In the much-beloved classic text The Flight of the Garuda, there are even more:
"In the vernacular it is "I"; some Hindus call it the "Self"; the sravaka disciples say "selfless individuals"; the followers of Mind-only call it simply "mind,; some call it "perfect insight"; some call it "buddha-nature"; some call it the "magnificent stance" some call it the "Middle Way"; some call it the "Cosmic Seed"; some call it the "reality-contnuum"; some call it the "universal ground"; some call it "ordinary consciousness."
Some call it ordinary consciousness...
What will I be doing in the next month?
Well, the Tibetan word for meditation is sgom which means to familiarise with, or to become accustomed to.

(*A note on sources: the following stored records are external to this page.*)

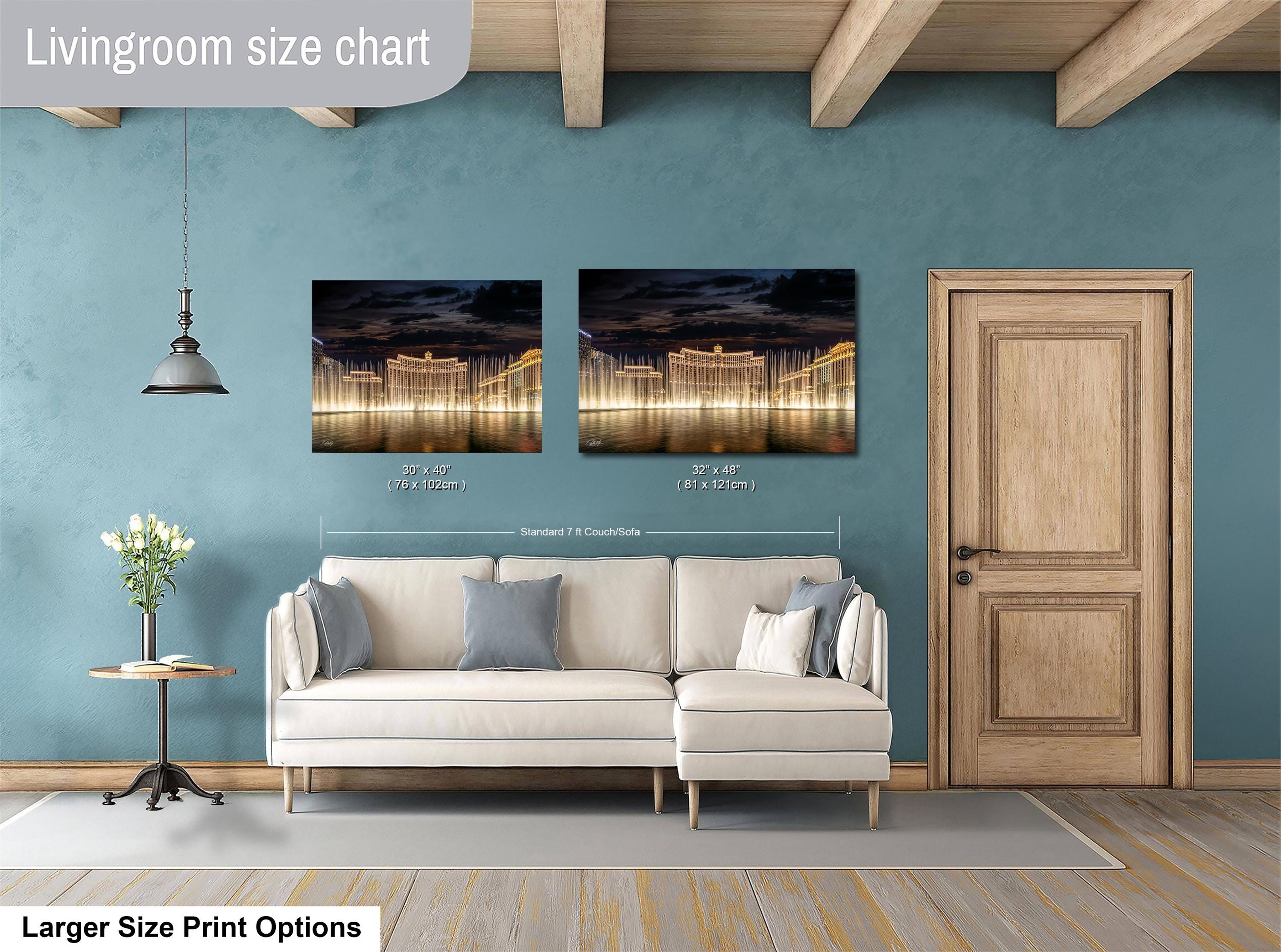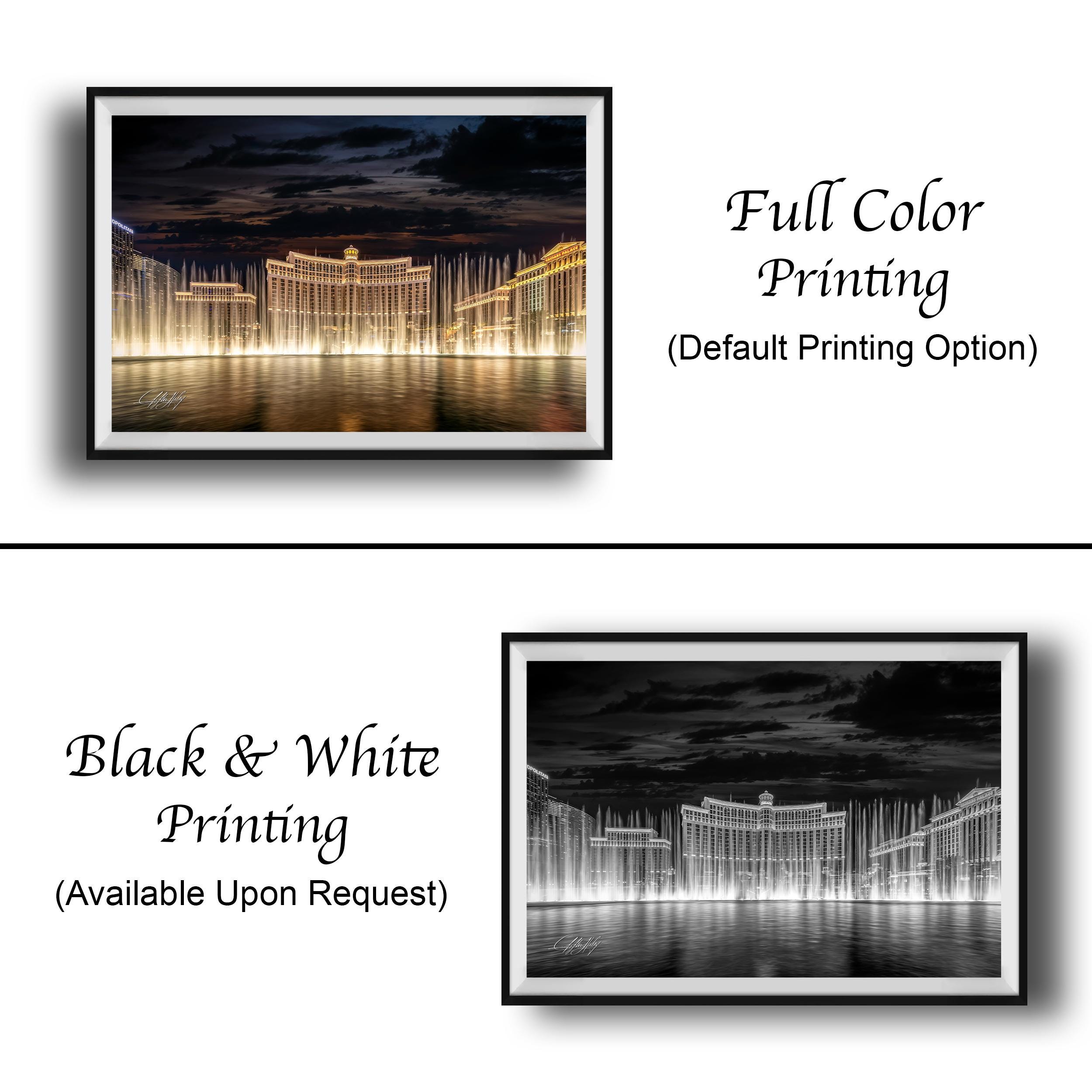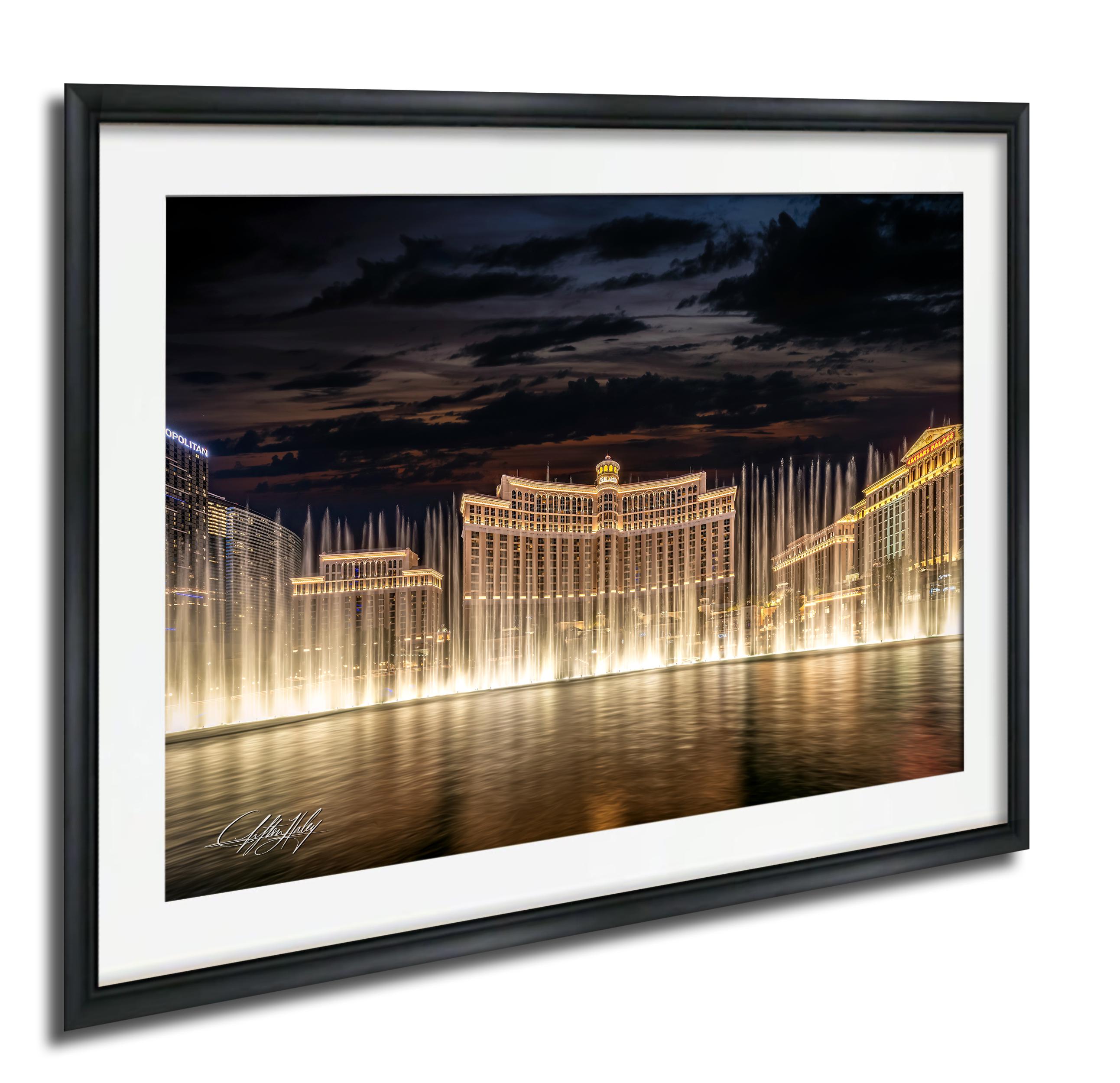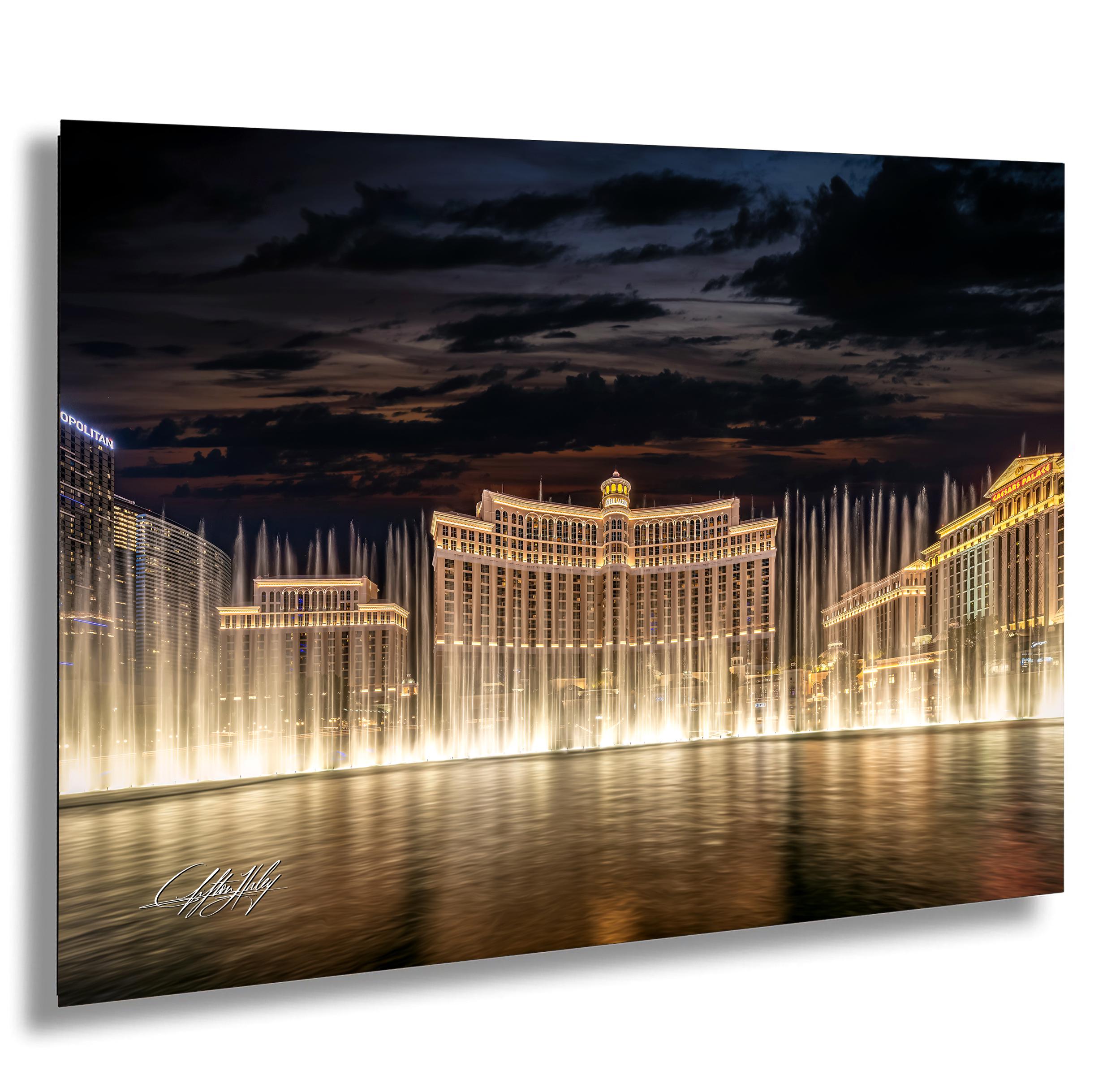 Bellagio Fountain Show Art captures the mesmerizing dance of water and light that defines this iconic Las Vegas landmark. This signed fine art print brings the vibrant energy of the Vegas Strip view right into your home, perfect for luxury hotel decor or as a unique Las Vegas souvenir.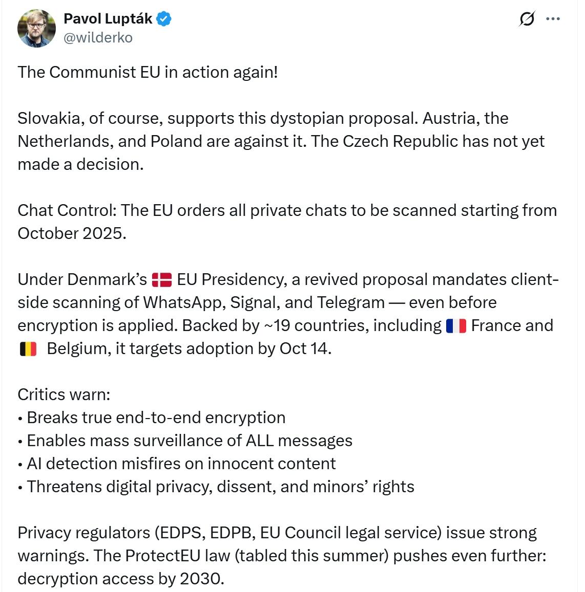 He added that the real target isn’t criminals, who use encrypted or decentralized channels, but ordinary users whose private conversations would now be open to algorithmic scrutiny.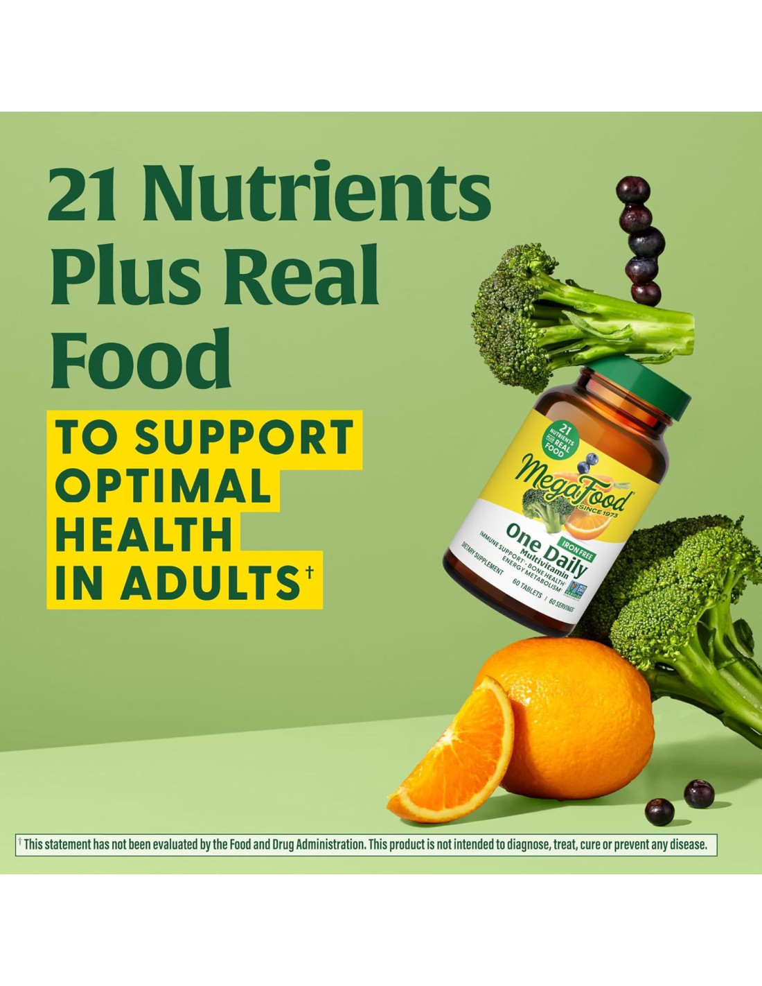 - Vitaminas y minerales esenciales más comida real en una tableta diaria para apoyar las necesidades nutricionales de los adultos y ayudar a llenar los vacíos en la dieta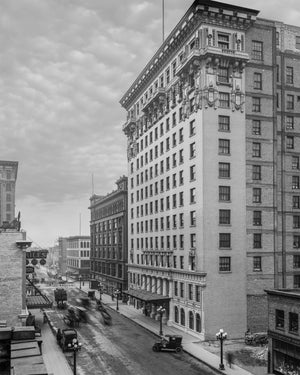 Marvel at the architectural beauty of this historic hotel. The Hotel Radisson stands tall and majestic, a testament to the exquisite craftsmanship and attention to detail of the time. It's timeless charm and classic design capture the essence of luxury and sophistication.
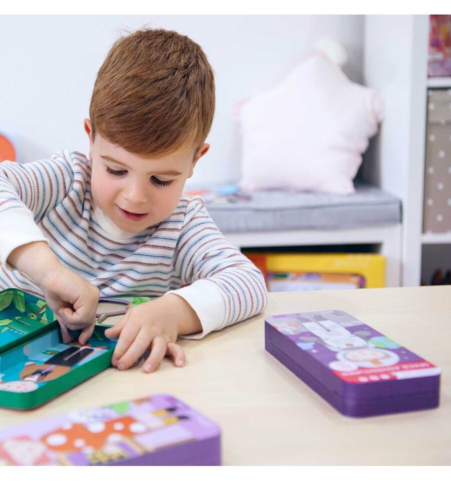 It includes two space scenes and more than 30 magnetic pieces to create and recreate your own adventures. Its compact metal box makes it perfect for travel and keeps little ones entertained while developing motor skills and creative thinking. They can also use it as a classroom pencil case!

I will be growing used to with this mind of mine.
But when I say mind, I do not simply mean my neurotic, chattering thoughts, but whatever appears in experience.
"One of the earliest lessons I was taught by my father was that Buddhists don't see the mind as a discrete entity, but rather as a perpetually unfolding experience."
Yongey Mingyur Rinpoche
Whatever you are experiencing is it. That which is experiences, and the mind that experiences it are one and the same. This is it.
"The key — the how of Buddhist practice — lies in learning to simply rest in a bare awareness of thoughts, feelings and perceptions as they occur."
Yongey Mingyur Rinpoche, more information
If you have been enjoying my letters during these COVID-19 times, I beyond thank you for your interest and support. A few years ago, I am not sure I would have dreamed I would be spending my life like this.
I am truly fortunate to be able to say things like this and have others who will listen.
I know I say this at the end of almost every letter, but I really mean it.
Let me leave you with one more quote from Rinpoche, you know, for the road.
"If you take the opportunity to rest awhile along the journey, eventually you'll realise the place you want to reach is the place you already are."
Yonger Mingyur Rinpoche, more information
I will be returning in the middle of October, and I am looking forward to writing to you again.